Body Change: How to increase your results, and avoiding the vampires

Well hello my beautiful little gym puppies; all excited and full of swagger, yet scared at anything new. I’m the same way – wanting to do what I’m best and most comfortable at, and shying away from anything remotely foreign to my prior gym experience. This just makes us human, and is a clear indication of our working brains that protect us from possible injury and death.

The challenge is, this subconscious fear of changing our rituals and comforts stops us from achieving the body composition changes we’re in the gym to change in the first place. After all, our bodies are capable of unbelievable levels of adaptation to the same routines. You know this if you’ve ever heard of, or worse, experienced a plateau; the body figured out the best and easiest possible way to do something we repeatedly did, and now it’s no longer effective at getting us towards the change we wanted.

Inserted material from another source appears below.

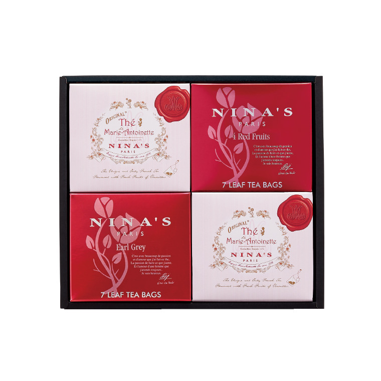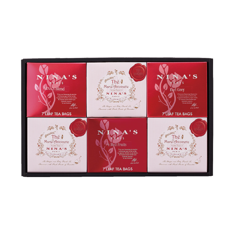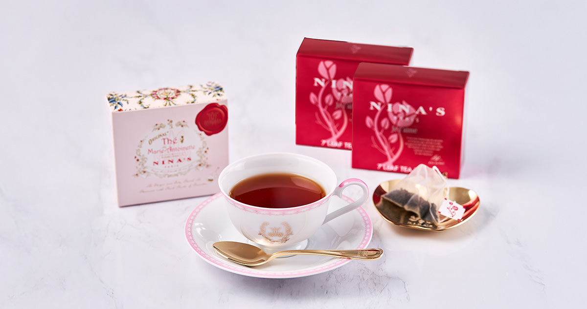 ニナスは、パリの中心地であるヴァンドーム広場のすぐ隣に本店を構える、1672年創業の老舗フランス紅茶ブランドです。王妃マリー・アントワネットも愛したヴェルサイユに現存するロイヤルシークレット ガーデンのりんごとバラで香り付けた世界唯一のフレーバーティー「ニナス オリジナル マリー・アントワネット ティー」をはじめ、熟練のブレンダーが天然のアロマや花びら、フルーツピースなどを丹念に香りづけした茶葉は豊かで深みがあり、フランスの高級レストランや一流ホテルのラウンジなどでも愛用されています。
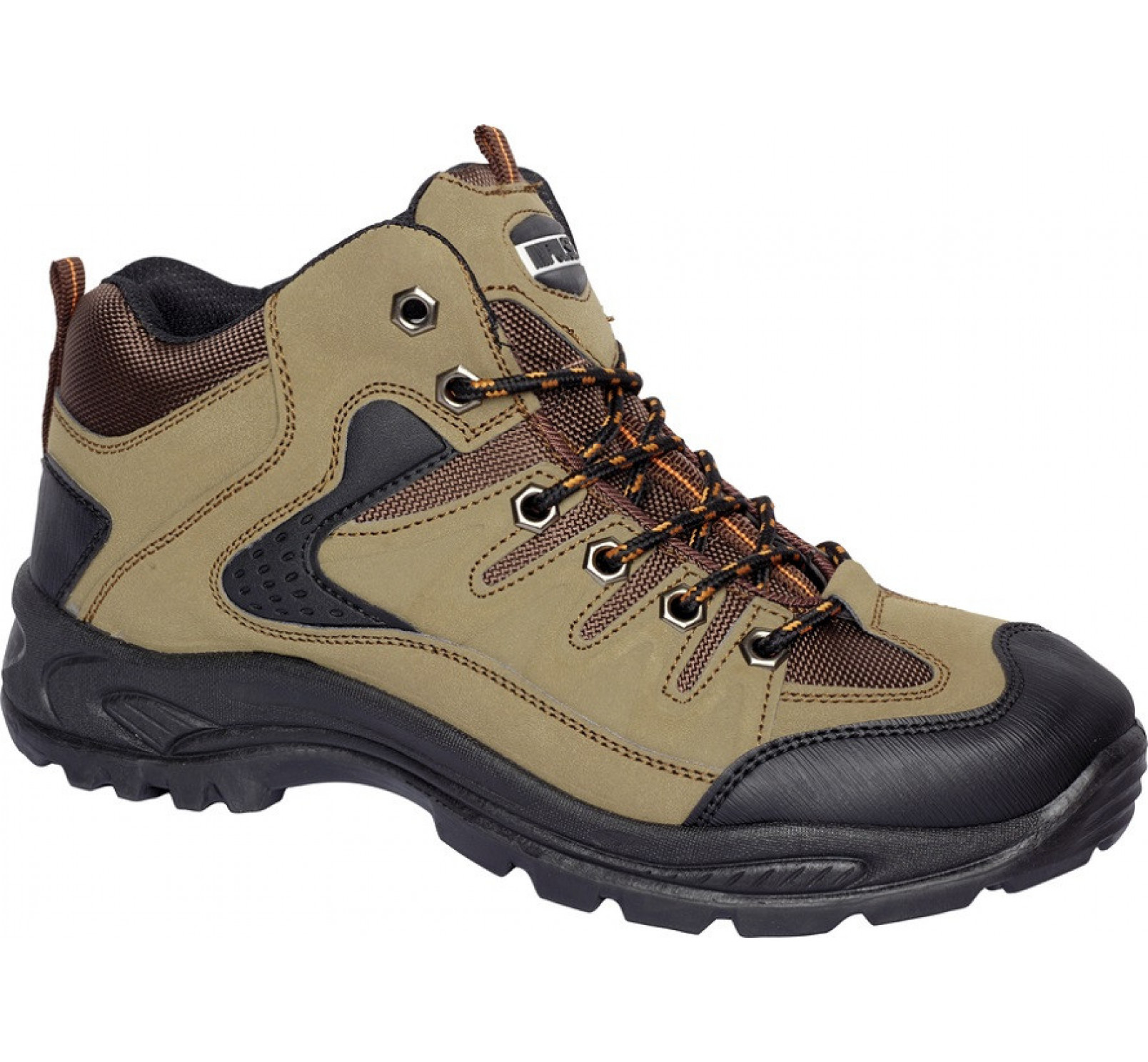 Chaussure de travail et loisirs multi-usages avec semelle cramponnée, système dabsorption dénergie au talon pour une utilisation travail et loisirs.

So, in this post, I’m going to cover just a few of the ingredients needed to create the changes in your body that you want, plus highlight some of the biggest ways people get sabotaged by the best of intentions.

Intensity Matters:

In life, we change the most when life is the most severe. As painful as it is to lose a loved one, go through a break up, we change the most about ourselves immediately after a major loss in life. Athletes learn more about how to be better athletes after a defeat than a victory, and especially more is learned when the defeat is humiliating. Heck, I learned more about money in a few months of being broke than I did in the years of econ I took in school plus what my parents tried to teach me when I was younger.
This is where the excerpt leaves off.